Stephen Bryan, YouTube Music’s global head of label relations, emphasized the agency both fans and artists gained. “I’m not sure it changed [YouTube]’s relationship with pop music, but for Billboard, it was certainly one step closer to its charts more accurately representing what is popular in music,” he said to MTV News in an email. He forecasted that the next decade will continue to see artists finding novel ways to connect with their audiences, while “fans will continue to be able to discover, listen, watch, and engage with the music and artists they love across every relevant format.”

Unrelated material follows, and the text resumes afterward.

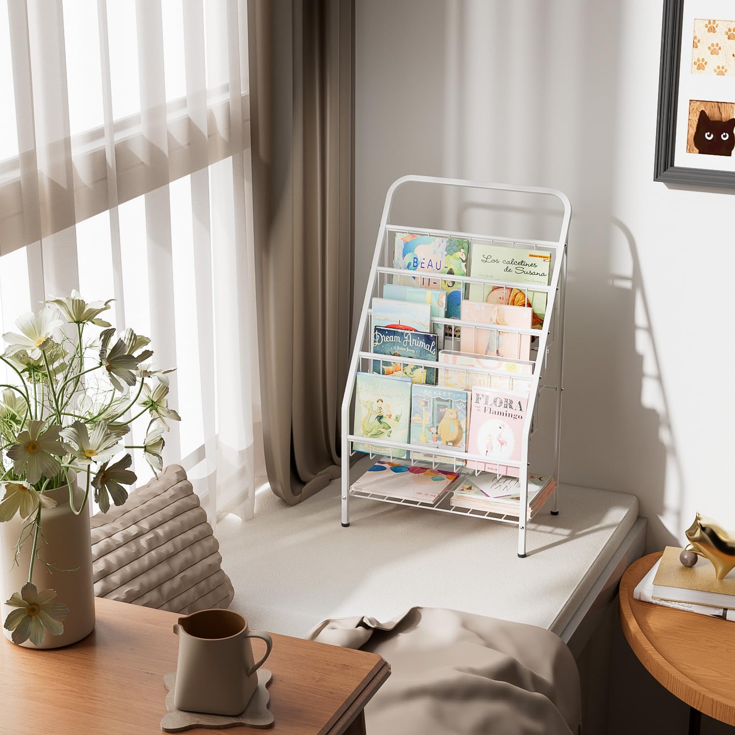 JAQ Kids Bookshelf, 4-Tier Metal Sling Kid Display Bookshelves Bookcase with Toy Storage in Baby Corner Library Room Classroom Playroom for Toddlers Nursery Children (4-tier/28.35inch, White)

Those formats continue to be mulled over by industry leaders. In late 2019, Billboard announced yet another tweak, this time factoring plays of an artist’s official YouTube videos into its Billboard 200 albums chart formula. The change also stipulated that visual plays from streaming giants like Apple Music, Spotify, Tidal, and Vevo also count. Three years after taking effect, one notable evolution in the entire equation of what makes a hit is, of course, TikTok and its estimated 100 million users in the United States alone.

When a song trends on the platform, it creates a ripple effect where users seek it out to stream or download on other services, often causing it to chart on the Hot 100. It happened with Fleetwood Mac and Kate Bush. Would it have happened to “Harlem Shake” if Baauer had dropped his song in 2023 instead?

Perhaps the question is not what might’ve been, but what might yet be. Could TikTok conceivably help “Harlem Shake” reach No. 1 again, a decade later? Maybe — but not with any help from UT Austin, which joined the rest of Texas in blocking downloads of the app on its campus this week.

Werde knows music fans love to argue about hypotheticals like this, as well as what makes a hit. He offered one of his own. “If a song streams a billion times on TikTok because fill-in-the-blank influencer does a cool dance to it or captures a cool sort of meme-friendly moment and this is the soundtrack to it, is that a hit?” he said. “My answer is yes.”